WHAT IS THE DEGENERATIVE DISC DISEASE?

This is an age related condition when the vertebral disc between two adjacent vertebra (Spinal bone) undergoes wear & tear leading to back pain or lower limb pain

What causes the Pain ?

The vertebral disc acts as a shock absorber for the spinal column. It also increase the flexibility of the spine. Once the disc loses its structural integrity the disc bulges causing compression on nerve root leading to pain in the back or the lower limb. In severe cases it may lead to numbness and loss of function. In long standing cases the disc space narrows putting stress on the facet joint (Joint between adjacent vertebrae) leading to wear& tear of the facet joint thus causing pain & decrease flexibility.

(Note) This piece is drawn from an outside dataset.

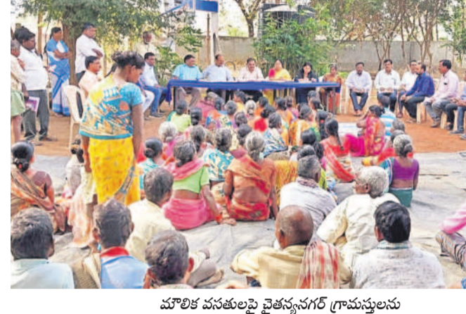
మౌలిక వసతులపై చైతన్యగర్ గ్రామస్థలను అడిగి తెలుసుకోవాలి, జిల్లా అదనపు కలెక్టర్ లింగాయక్

ఈ నెల 15న చైతన్యగర్లో పీఎం జన్మన్ కార్యక్రమం ప్రతి లబ్ధిదారుడు, కుటుంబానికి సంక్షేమ ఫలాలు, వసతుల కల్పన ఈ నెల 15న అన్ని శాఖల అధికారులు కార్యక్రమంలో పాల్గొనాలి సంక్రాంతి పండుగను సెలవుదినంగా భావించకూడదు ఆయా శాఖల అధికారులతో జిల్లా అదనపు కలెక్టర్ లింగాయక్ సమీక్షా సమావేశం పెద్దమ్మల్, జనవరి 12 : చెంచు జాతి ప్రజల జీవనోపాధి కోసం ప్రభుత్వం కృషి చేస్తున్నదని, ఈ నెల 15న 'పీఎం జన్మన్' కార్యక్రమాన్ని నిర్వహిస్తున్నట్లు జిల్లా అదనపు కలెక్టర్ లింగాయక్ తెలిపారు. శుక్రవారం మండలంలోని చైతన్యగర్ గ్రామంలో అధికారులతో కలిసి మౌలిక వసతుల కల్పనపై సమీక్షించారు. ఈ సందర్భంగా అదనపు కలెక్టర్ మాట్లాడుతూ ఈ నెల 15న ప్రధాన మంత్రి నరేంద్రమోదీ ప్రజలనుద్దేశించి మాట్లాడి కార్యక్రమంలో విద్యుత్ అంతరాయం ఏర్పడకుండా చూడాలని సంబంధిత అధికారులను ఆదేశించారు. చైతన్యగర్ గ్రామంలో ప్రతి వ్యక్తి కుటుంబానికి ఆధారకార్డు, విద్యుత్, ఇంటింటికీ నల్ల కవచ్చు, ఇన్ డన్ ఆకౌంట్లు, బ్యాంకు ఖాతాలు, కల డ్రుమీకరణ పత్రాలు, పీఎం కిసాన్ క్రెడిట్ కార్డులు, ఆయు

2. Symptoms of disc degeneration are:

• Pain in the low back with or without radiation to lower limb
• Numbness of the lower limb with or without loss of muscle strength
• Decrease flexibility of spine with or without deformity
• Bowel & Bladder control issues
• If the degeneration is in the neck the pain & numbness or loss of function is in the upper limb.
• Gait Problems with symptoms like unable to grip slipper or feeling of walking on cotton

3. How is degenerate disc diagnosed?

• Clinical Examination done to determine the neurological loss and site of pain.
• Radiological Examination done to confirm the level of involvement.
• X-Ray gives an idea of the bone changes MRI gives a clear picture with regards to disc and nerve root compression,
• Other special investigation like contrast CT may he suggested under special circumstances.

4. What is the treatment?

• Treatment for degenerative disc disease include physical therapy, exercise , medication, losing weight and if required, surgery. Apart from medicines and physiotherapy.
• Medications include pain relief medicines, short term steroids and muscle relaxers.
• Physiotherapist use physiotherapy in form of (IFT) Interfertial therapy in relieving pain. Physio will also advise posture and exercise.
• Apart from medications and physiotherapy, minimal invasiver procedures like injections of steroids / local anesthesia may be advised for therapeutic / diagnostic intervention respectively .
• If not amenable to above management surgery may be advised by doctor for pain relief
• Surgical Management is also indicated as first line of management when there is loss of function.
• Early diagnosis & Management in the above scenario gives better outcome , consult your doctor for the same.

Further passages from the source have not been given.